Luhrmann and company had turned to Mexico in their search for a tropical locale for the script's mythical Verona Beach. With a $14-million budget, they naturally looked south of Hollywood.

Mexico--with skyscrapers layered over its ancient ruins, Indian campesinos living alongside armed drug lords, and a sturdy faith in religion and family--was not so different from the hotblooded, contradictory world Shakespeare portrayed, Luhrmann concluded.

"I wanted to create a place where religion mixed with politics, . . . a place with a degree of mysticism. An armed society where a small percentage of the population is fantastically wealthy. A place with an enormous underclass. . . . In Mexico City these elements are very alive," Luhrmann says at the foot of the imposing Chapultepec Castle and its extensive grounds.

His production designer, Catherine Martin, adds: "Verona Beach and Shakespeare's Verona are supposed to be worlds where religion is important, where obvious wealth isn't embarrassing, where honor is a really big deal. All those elements exist in the real world, but they don't exist totally in combination--except in Mexico."

Luhrmann, originally a theater director, emerged from virtual obscurity with "Strictly Ballroom," his first film.
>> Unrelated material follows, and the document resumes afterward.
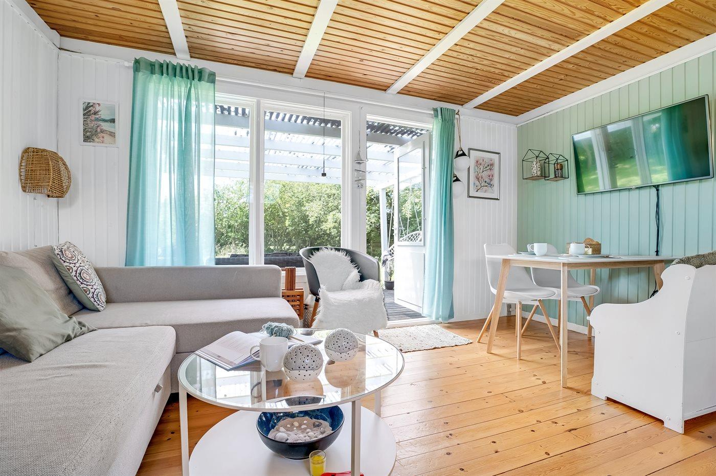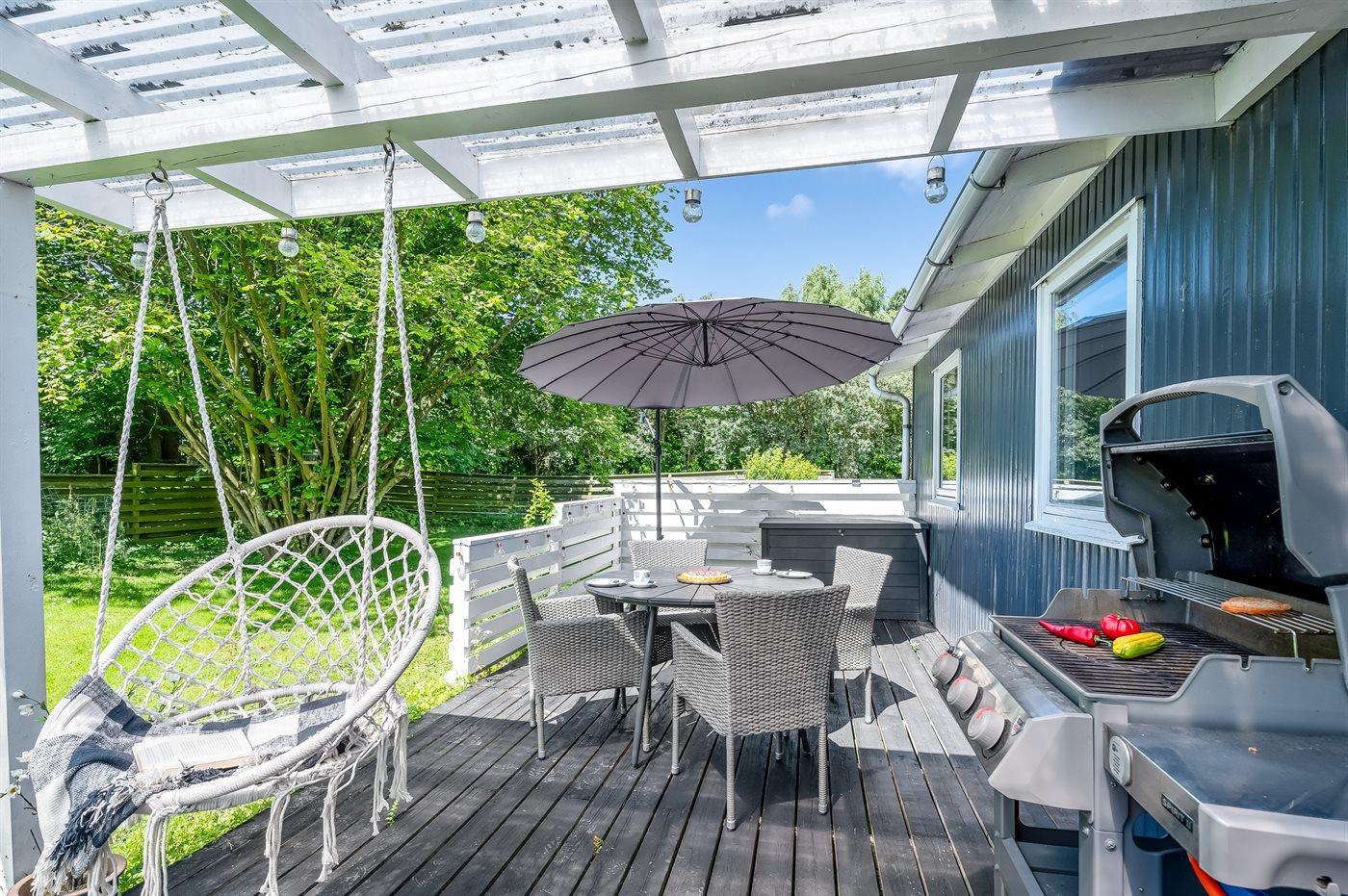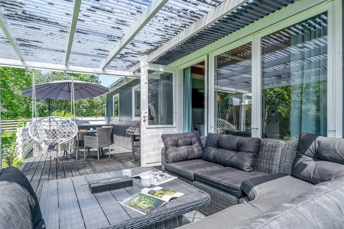 Dette funktionelt og enkelt indrettede træhus byder på en åben atmosfære og hyggelige detaljer. Stuen er indrettet med brændeovn, træpaneler og store vinduer ved sofahjørnet, der sørger for et godt lysindfald. I godt vejr kan I slappe af på de komfortable havemøbler og nyde lækre retter fra grillen på den åbne og delvist overdækkede terrasse.

The campy fable about romance and artistic independence in the world of Australian ballroom dancing was a surprise box-office success.

Afterward, Luhrmann signed a three-year contract with 20th Century Fox and received a flood of scripts and visits from big-time actors.

But Luhrmann didn't want to leave his theater roots behind; he turned to Shakespeare--"a great storyteller," he says. In 1993, he directed a critically acclaimed version of "A Midsummer Night's Dream" for the Australian Opera.

Then, in 1994, Luhrmann and "Ballroom" co-writer Craig Pierce pitched their idea for "William Shakespeare's Romeo and Juliet" to Fox.